Task material
◇ ◇ ◇ ◇

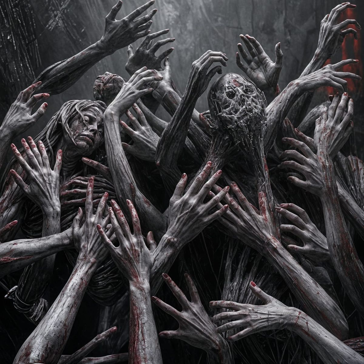 A haunting black and white image of a disturbing accumulation of human arms, set against a dark and foreboding backdrop, with a hint of dark red and striking light.
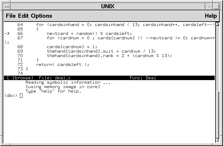 The figure below resembles a window with two panes separated by a narrow horizontal bar. The top pane contains lines of C code from the source file deal.c, and an arrow is pointing at line 66 where the illegal instruction that caused the core dump is located. The horizontal bar identifies the file (deal.c) and the function name (Deal). This bar constantly displays the name of the active function and the source file in which it appears.
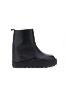 Stiefeletten aus Leder in modernem Design. Innenliegender Reißverschluss, Lederinnensohle, 7,5 cm Absatz und 4 cm Plateau für kühne Eleganz und Komfort.
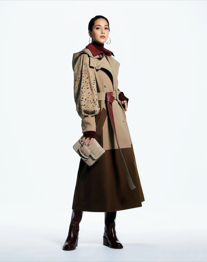 NO.2 配色一深一浅,径直凸起拉开档次 ✓ 驼色风衣+浅蓝裙摆,浅深有序不只调 同色系穿腻了,不错试试一深一浅的配色,驼色风衣搭一条浅蓝色长裙,浅深拉开了,对比但举座融合不冲突,全身堆地面色,容易显得暮气千里闷,加了一抹蓝色,统共这个词搭配的气质就会变得澈底不一样。
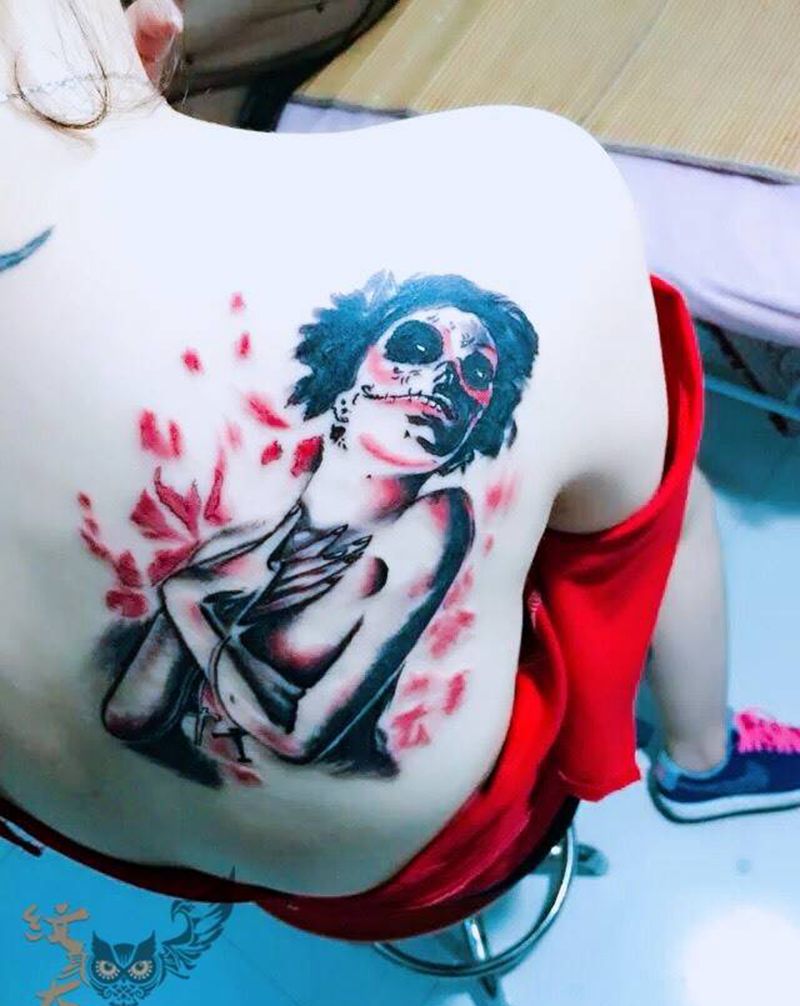 • 黑灰满背纹身图案
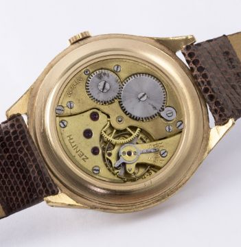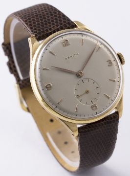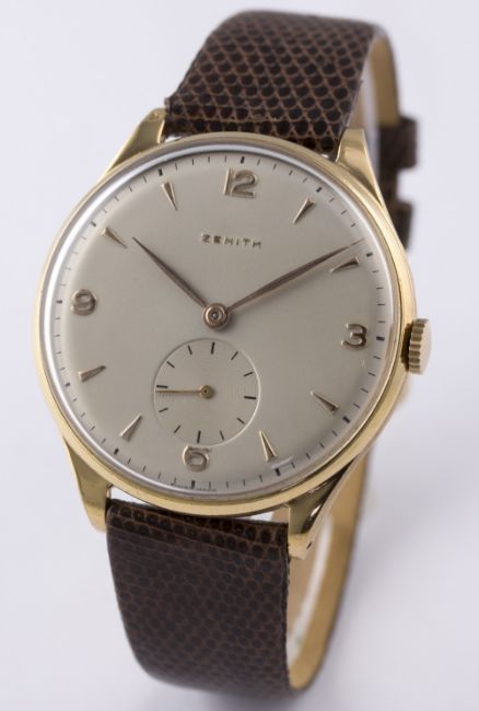 A GENTLEMAN'S LARGE SIZE GOLD PLATED ZENITH WRIST WATCH CIRCA 1950s D: Silver dial with gilt Arabic numerals & batons, subsidiary seconds. M: Manual wind movement signed Zenith & numbered, calibre 12-4-P. C: Circular case, signed Zenith, case diameter measures approx. 38mm. S: Brown leather strap. CONDITION REPORT D: Dial in excellent condition. M: Working at present. C: In excellent condition, import mark on top left lug. S: In excellent condition. D: Dial / M: Movement / C: Case / S: Strap / B: Bracelet
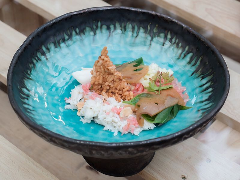 ปูม้าที่เชฟแบล็คนำมาเสิร์ฟในเมนูนี้ เป็นปูจากธนาคารปูที่เพาะพันธุ์เพื่อฟื้นฟู และอนุรักษ์ทรัพยากรปู จากชุมชนหมู่บ้านหินกบ จังหวัดชุมพร เสิร์ฟพร้อมกับมันปูนา (อ่องปู) จากนาที่ชุมชนบ้านแม่ทา จังหวัดเชียงใหม่ ปูนาจะมีมากในช่วงฤดูฝนและฤดูหนาว เมื่อนำมาประกอบอาหารจะให้ความหอม มัน อร่อยกลมกล่อมทานคู่กับผลไม้ประจำฤดูกาล เป็นอีกหนึ่งเมนูเรียกน้ำย่อยที่ช่วยเพิ่มความสดชื่นได้เป็นอย่างดี
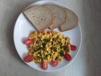 Ja mela dnes michana vajicka ze 3 bilku a 1 zloutku k tomu trosku kvalitni sunky a hromadu ruzne zeleniny 🙂 jo a platek eidamu 🙂
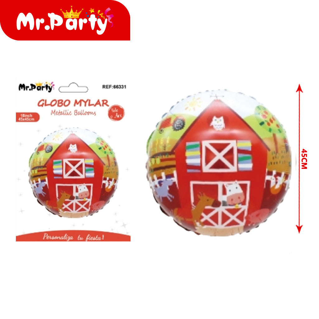 Granja redonda de 18 pulgadas. Ideal para complementar la decoración y darle un toque especial al evento. Se venden en paquetes de máximo 12 unidades.
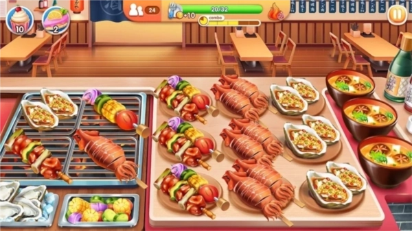 2、快餐店、日本料理店、烧烤店,还有海量特色厨房都等着你来解锁体验。只需轻轻操作,就能做出美味佳肴,更有数百个关卡等你来挑战。
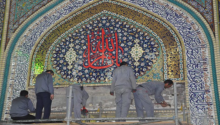 انجاز نصب الوحة الخاصة بالمذبح المقدس داخل الصحن الحسيني الشريف
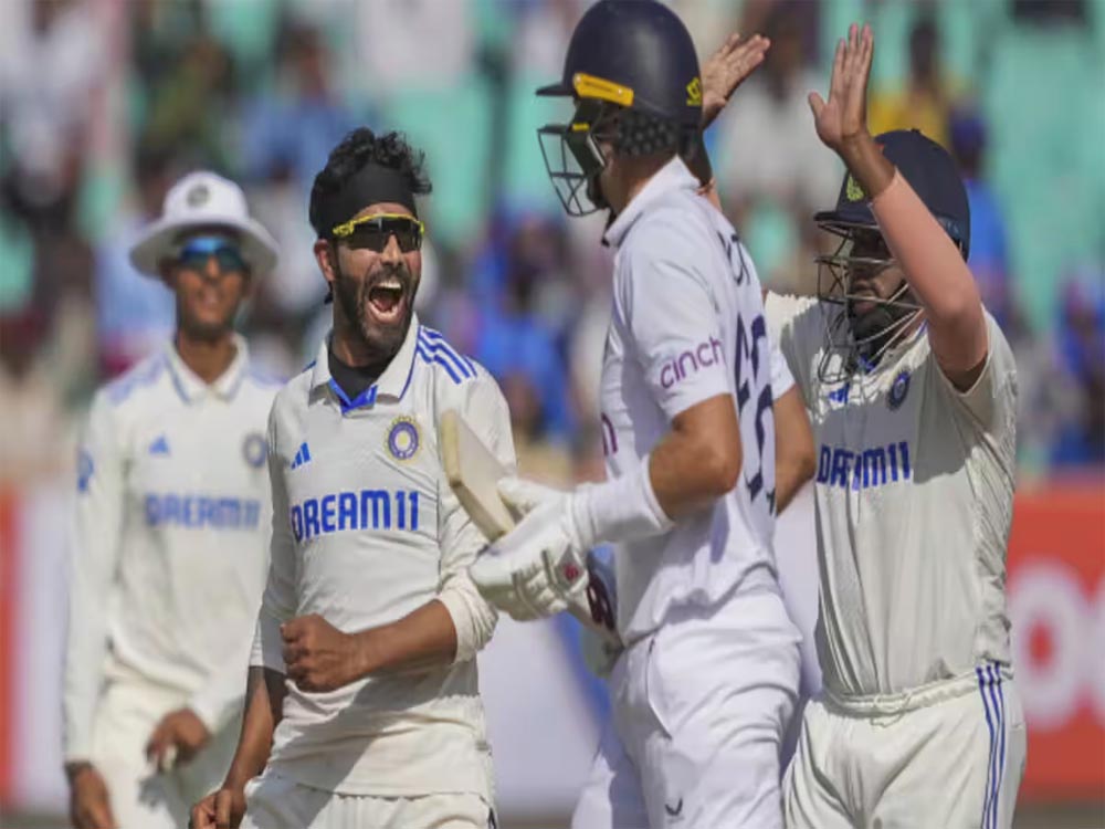 भारत को आखिरी सफलता रविंद्र जडेजा ने दिलाई। उन्होंने अपना पंजा खोला। जडेजा ने मार्क वुड को 33 रन के निजी स्कोर पर यशस्वी जायसवाल के हाथों कैच आउट कराया और इंग्लैंड को ऑलआउट कर दिया।आर अश्विन ने अगले ही ओवर में टॉम हार्टली को क्लीन बोल्ड कर दिया। इस तरह इंग्लैंड को 9वां झटका लगा।
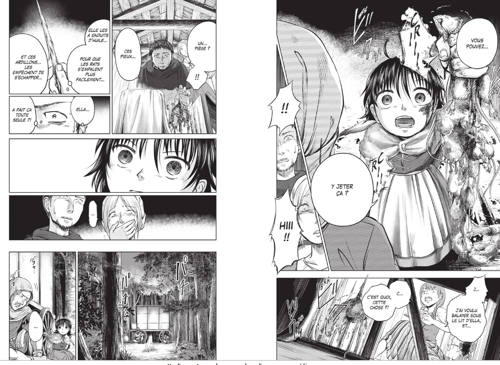 Mais Minoru Takeyoshi l’a fait en mettant en avant Ella, jeune fille vendue par ses parents biologiques car elle leur faisait peur, puis recueillie par une « sage femme » de l’époque qui hélas fut condamnée pour sorcellerie.

◇ ◇ ◇ ◇

Problem
In the listing above, find the line with "Ja mela dnes" and the line with "انجاز نصب الوحة". Set down both and every line between them, minus the pictures.

Answer for this exercise
 Ja mela dnes michana vajicka ze 3 bilku a 1 zloutku k tomu trosku kvalitni sunky a hromadu ruzne zeleniny 🙂 jo a platek eidamu 🙂
 Granja redonda de 18 pulgadas. Ideal para complementar la decoración y darle un toque especial al evento. Se venden en paquetes de máximo 12 unidades.
 2、快餐店、日本料理店、烧烤店,还有海量特色厨房都等着你来解锁体验。只需轻轻操作,就能做出美味佳肴,更有数百个关卡等你来挑战。
 انجاز نصب الوحة الخاصة بالمذبح المقدس داخل الصحن الحسيني الشريف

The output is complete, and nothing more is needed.